**Source data**:
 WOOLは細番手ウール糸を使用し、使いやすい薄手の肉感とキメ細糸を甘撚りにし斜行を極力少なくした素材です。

--

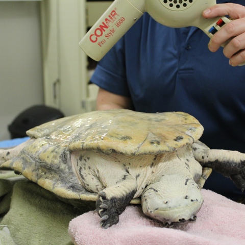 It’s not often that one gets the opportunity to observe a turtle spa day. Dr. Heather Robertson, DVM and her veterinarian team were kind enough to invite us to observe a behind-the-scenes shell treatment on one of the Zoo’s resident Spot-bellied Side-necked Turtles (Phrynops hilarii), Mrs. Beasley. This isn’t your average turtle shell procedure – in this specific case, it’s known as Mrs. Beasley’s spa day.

...

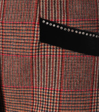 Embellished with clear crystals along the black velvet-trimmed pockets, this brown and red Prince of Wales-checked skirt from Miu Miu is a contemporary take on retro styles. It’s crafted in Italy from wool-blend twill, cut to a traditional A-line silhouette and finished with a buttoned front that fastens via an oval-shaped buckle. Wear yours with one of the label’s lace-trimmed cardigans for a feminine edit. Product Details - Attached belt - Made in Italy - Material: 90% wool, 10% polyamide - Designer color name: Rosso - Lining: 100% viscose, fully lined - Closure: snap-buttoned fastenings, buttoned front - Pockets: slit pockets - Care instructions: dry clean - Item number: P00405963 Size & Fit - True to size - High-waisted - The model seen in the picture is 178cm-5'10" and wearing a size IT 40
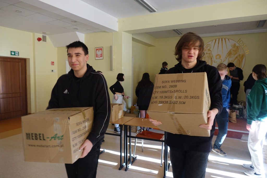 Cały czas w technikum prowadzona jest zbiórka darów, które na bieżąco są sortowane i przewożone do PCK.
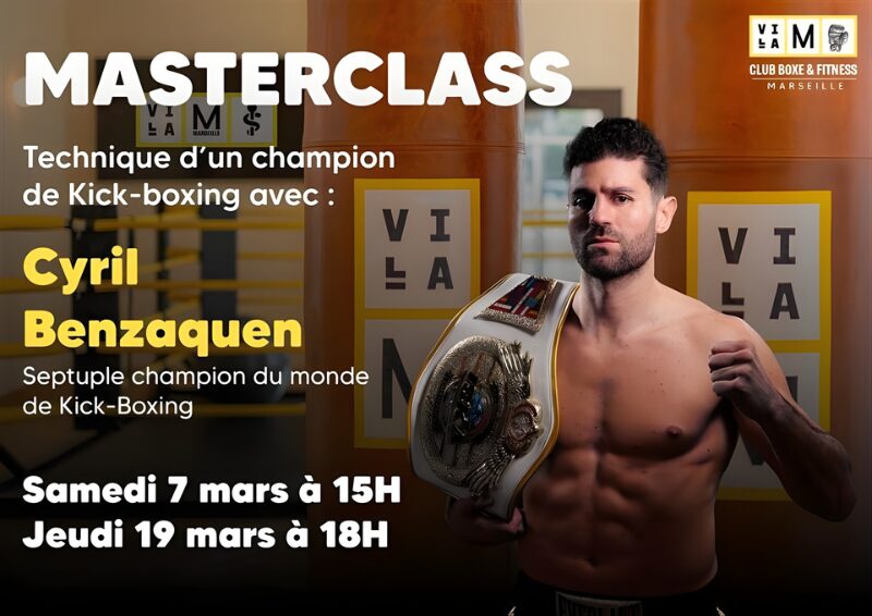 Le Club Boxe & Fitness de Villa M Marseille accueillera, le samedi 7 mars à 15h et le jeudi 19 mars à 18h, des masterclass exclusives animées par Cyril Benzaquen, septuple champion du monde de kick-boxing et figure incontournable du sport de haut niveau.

**What to produce**: From the records above, copy only the lines running from the line containing "Cały czas w" to the line containing "Le Club Boxe", both ends included. Leave the pictures out.

**Answer for this exercise**:
 Cały czas w technikum prowadzona jest zbiórka darów, które na bieżąco są sortowane i przewożone do PCK.
 Le Club Boxe & Fitness de Villa M Marseille accueillera, le samedi 7 mars à 15h et le jeudi 19 mars à 18h, des masterclass exclusives animées par Cyril Benzaquen, septuple champion du monde de kick-boxing et figure incontournable du sport de haut niveau.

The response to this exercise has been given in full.